バッテリーに充電した電力は、バッテリーの電極と電解質によって化学的に貯められていて、倉庫に物を収めたというような物理的保管とは異なる。したがって、バッテリー内に生じた化学反応や、バッテリーが置かれている環境としての気温や湿度の違いにより、電力が徐々にではあるが自然に減ってしまう。
クルマの補器用バッテリーとして長年使われてきた12ボルト(V)の鉛酸バッテリーは、ひと月で4~8%ほど自己放電するといわれる。しばらくクルマに乗らずにいると、バッテリー上がりをするひとつの要因といえる。ただし、バッテリー上がりは鉛酸バッテリーの自己放電だけでなく、近年のクルマはキーを差し込まなくてもボタン操作で錠を開閉できるオートロック機能がついていたり、盗難防止の装置が働いていたりというように、待機電力といえる電気がずっと使われているので、そうした機能が電力を消費してもいる。

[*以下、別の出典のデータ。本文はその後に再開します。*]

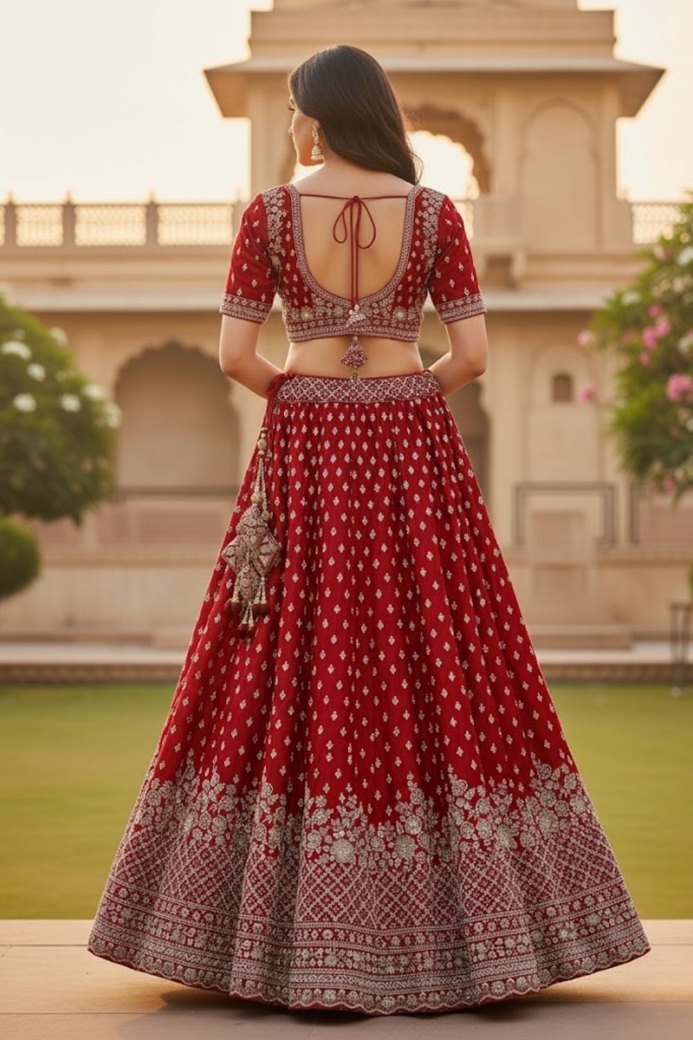 Rent this gorgeous red bridal lehenga set, showcasing extensive detailed handwork and crystal embellishments styled with a blouse and a single dupatta.

電気自動車(EV)の駆動用として用いられるリチウムイオンバッテリーはどうか?
リチウムイオンバッテリーも自己放電するが、それはひと月に1~5%ほどであるという。鉛酸バッテリーと比べかなり小さな値だ。しかも、車載バッテリーは容量が大きいので、自己放電で充電が空になってしまい、動かなくなるというようなバッテリー上がりの懸念はないに等しいのではないか。

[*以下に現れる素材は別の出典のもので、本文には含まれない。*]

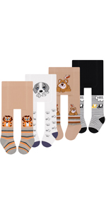 L&K-II Pack of 4 Baby Tights for Baby Boys with Dog Lions Monkeys Bears and Car Motif 2760

では、EVで補器用として使われる鉛酸の12Vバッテリーは、どうなのか?
もちろん、鉛酸バッテリーとしての特性に変わりはない。とはいえ、そもそもEVには駆動用リチウムイオンバッテリーに大容量の電力が貯めてあるので、電気そのものは存在するのだから、そこから鉛酸バッテリーへ充電を行うことで、エンジン車で起こりがちなバッテリー上がりで始動できない懸念は減るだろう。

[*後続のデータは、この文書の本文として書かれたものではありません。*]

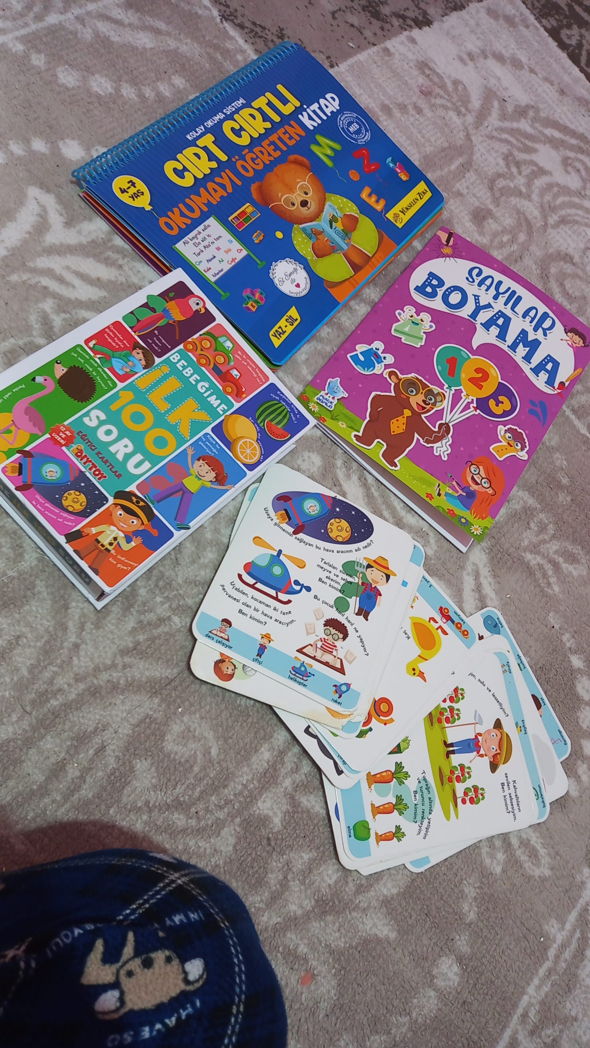 Çok iyi yapmışsın İlgilenmiyor gibi görünse de ara ara çıkarıp göstermeye devam. Kartları bizimki de ısırıyor hâlâ. Bu kitapları da

ただし、自動車メーカーによっては、駆動用リチウムイオンバッテリーから駐車中でも鉛酸バッテリーへ電力を提供し、バッテリー上がりを防ぐ機能を備えていない例もあるようだ。この場合は、EVといえども、長期間駐車したままにしておくと、そもそも鉛酸バッテリーの電力がないことにより、起動しなくなる恐れはある
ハイブリッド車で多く使われてきたニッケル水素バッテリーは、自己放電が多いといわれる。ひと月で30%に及ぶこともあるようだ。EVにニッケル水素バッテリーが使われない理由がそこにありそうだ。もちろん、EVの開発初期段階では、鉛酸バッテリーより容量が大きいのでニッケル水素を搭載し、一充電走行距離を伸ばしてきた経緯がある。
しかし、ニッケル水素バッテリーの多くがハイブリッド車(HV)で用いられてきた背景にあるのは、基本的にエンジンで発電したり、走行中の回生により充電したりすることでクルマは走り、充電による大容量の電力への依存度が低いことが、ニッケル水素バッテリーの特性に適していたといえるからではないか。